** Opening Given data block **

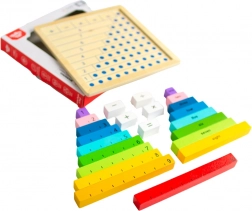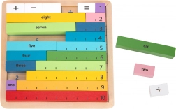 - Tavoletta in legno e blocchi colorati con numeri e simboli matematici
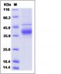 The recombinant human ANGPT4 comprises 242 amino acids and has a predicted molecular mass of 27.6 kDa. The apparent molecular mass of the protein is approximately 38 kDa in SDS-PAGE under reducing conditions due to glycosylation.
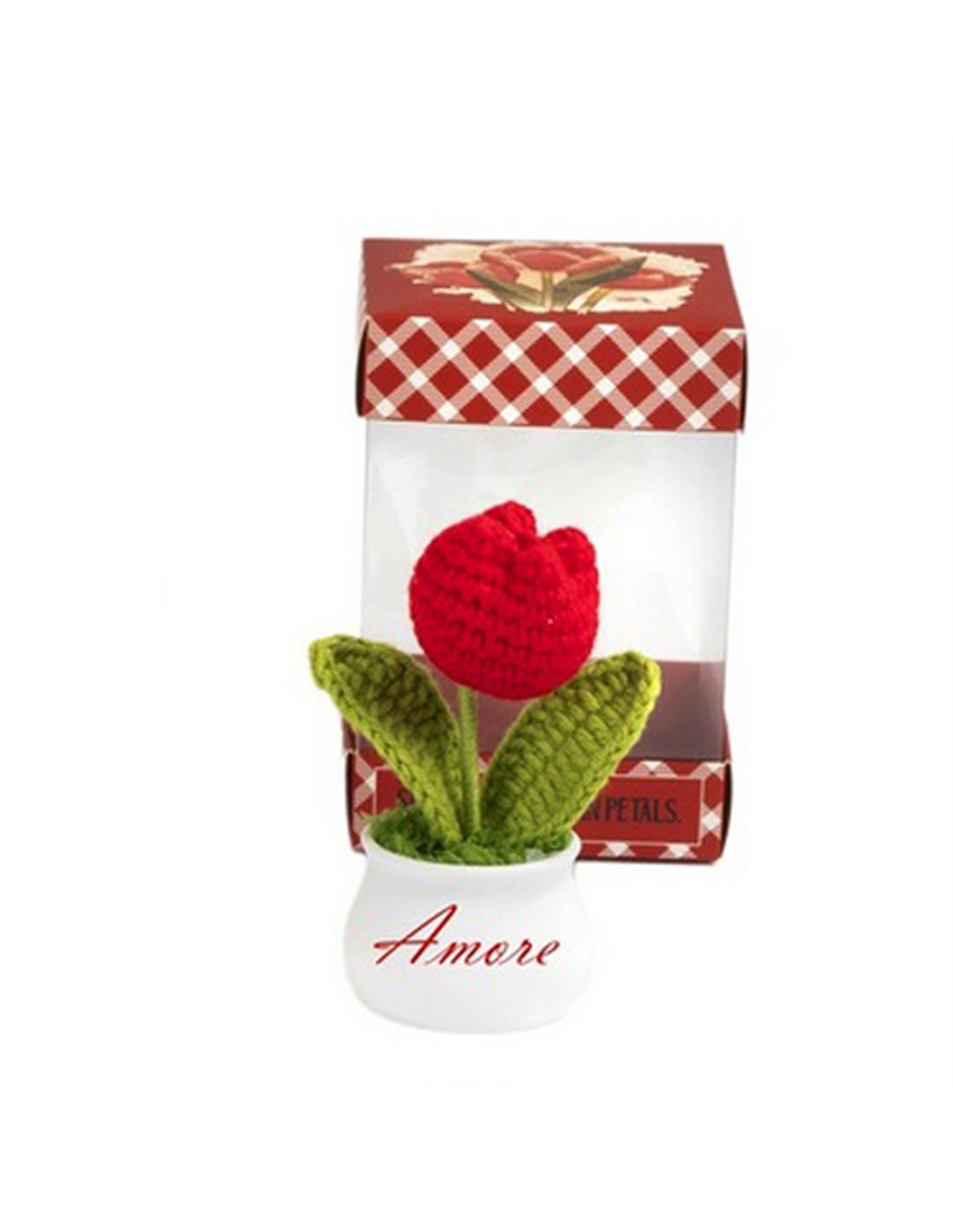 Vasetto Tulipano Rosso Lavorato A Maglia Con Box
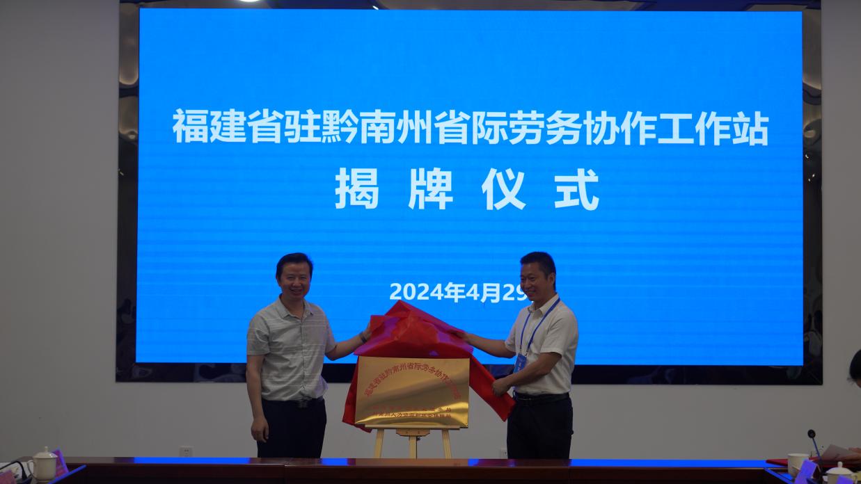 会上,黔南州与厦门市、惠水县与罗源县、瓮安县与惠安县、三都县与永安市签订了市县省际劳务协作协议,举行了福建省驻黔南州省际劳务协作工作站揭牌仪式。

** Closing Given data block **

When copying the listing, print each line exactly but leave out every picture.

Task result:
 - Tavoletta in legno e blocchi colorati con numeri e simboli matematici
 The recombinant human ANGPT4 comprises 242 amino acids and has a predicted molecular mass of 27.6 kDa. The apparent molecular mass of the protein is approximately 38 kDa in SDS-PAGE under reducing conditions due to glycosylation.
 Vasetto Tulipano Rosso Lavorato A Maglia Con Box
 会上,黔南州与厦门市、惠水县与罗源县、瓮安县与惠安县、三都县与永安市签订了市县省际劳务协作协议,举行了福建省驻黔南州省际劳务协作工作站揭牌仪式。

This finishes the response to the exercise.